Mission

Standardize data modeling so work can be reused

The first standard for data

Headshot of Ahmed Elsamadisi
Ahmed Elsamadisi, Creator of the Activity Schema, Founder/CEO of Narrator

Having worked in data for many years, I found that every question we answered started from scratch. We constantly had to think about what we need to build, the columns that we should add, the ways a table would be used. It always blew my mind that there are probably another 10 data engineers at this exact moment probably thinking about the same table to answer the same set of questions. Why doesn't a place exist to share?

I know what you're thinking: Query Templates. But that always failed me. The assumptions were too basic and the my salesforce/any tool's implementation was always just different enough to make templates not helpful. I needed a standard that can work across all companies, that can answer any question, that can capture any data structure.
I needed the Activity Schema.

A standard that actually works - JOIN issue

I went on a tour of so many companies looking for a standard that can work. The weird thing was that when talking to these companies, we would discuss their data and the questions they answered using simple journeys but when looking at the SQL it was all different. It was complex, nested and super confusing.

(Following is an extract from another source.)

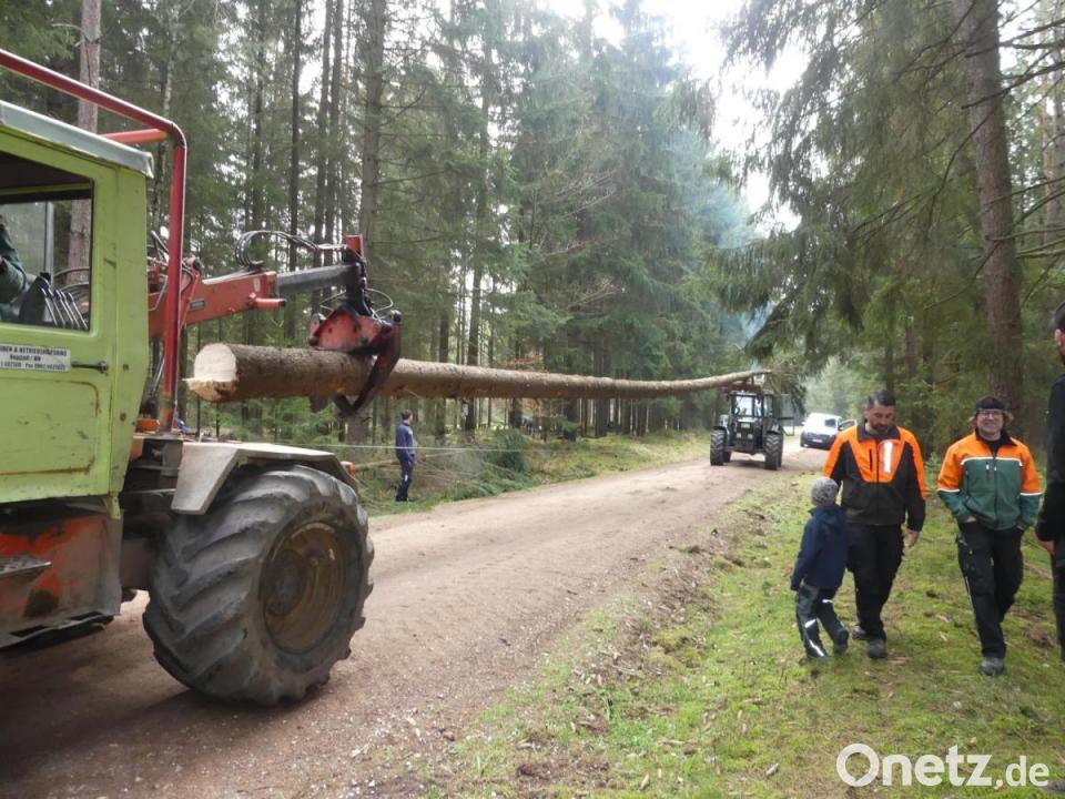 Bereits in den Morgenstunden herrschte am „Holzweg“ in der Flur Oberes Dessenreuth reges Treiben. Die „Pilots“ waren ausgerückt, um den bereits am Vortag ausgesuchten Baum zu fällen und in die Stadt zu holen. Um 8.15 Uhr setzte Florian Burkhardt die Motorsäge an. Das „Opfer“ war eine 29,55 Meter lange Fichte. Nach den Jahresringen hatte sie ein Alter von knapp 60 Jahren. Ihre Pflanzzeit geht damit zurück auf das Geburtsjahr von Pilots-Vorsitzenden Harry Wohlrab.

The why really fascinated me, so I kept digging. What I discovered was all templates assume that data can be connected via JOINS based on a key. Yet, in practice that key never existed so every data engineer had to write a lot of complex SQL to figure out how to stitch the data to answer the questions at hand. Different questions and different business logic lead to a very complicated data transformation. Over time it only got worse. As companies ask more questions and want to slice and dice by another feature,  data engineers  add more SQL to deal with combining more data.

Why now?

This problem is worst it has ever been. Every startup leverages multiple SaaS products to operate, each collecting their own data in their own way.
Each also have their own analytics, so no one is coming to the data team to ask how many tickets were submitted. They will look at their Zendesk Dashboard.

The result is that every question coming to the data team is bridging multiple data sources. This bridge means you need to figure out a way to connect the data and there will not be any key to join on.
That is why the Activity Schema became so popular -- it allows data teams to bridge data sources using Customer and Time.
That has been done before, but the Activity Schema standardized how to relate data using 12 temporal joins, allowing full reusability.

So what?

Solving the data modeling problem with a standard structure that has standardized guarantees opened up the world for sharing. Anything built on top of the Activity Schema can be reused. No only that, but activities can be swapped to be further repurposed.
I founded Narrator to make this possible. To allow data analyst to use the Activity Schema to answer any question. To swap activities and answer similar questions.
We then added the ability to build entire analyses on top of the Activity Schema. These analyses can be copy and pasted across companies.
They can also be used to answer so many more questions than the initial design.

Also now analysts can go from one company to another and start answering questions.

I see a world where all the data work is shared and everyone is working together to enable better decisions to be made.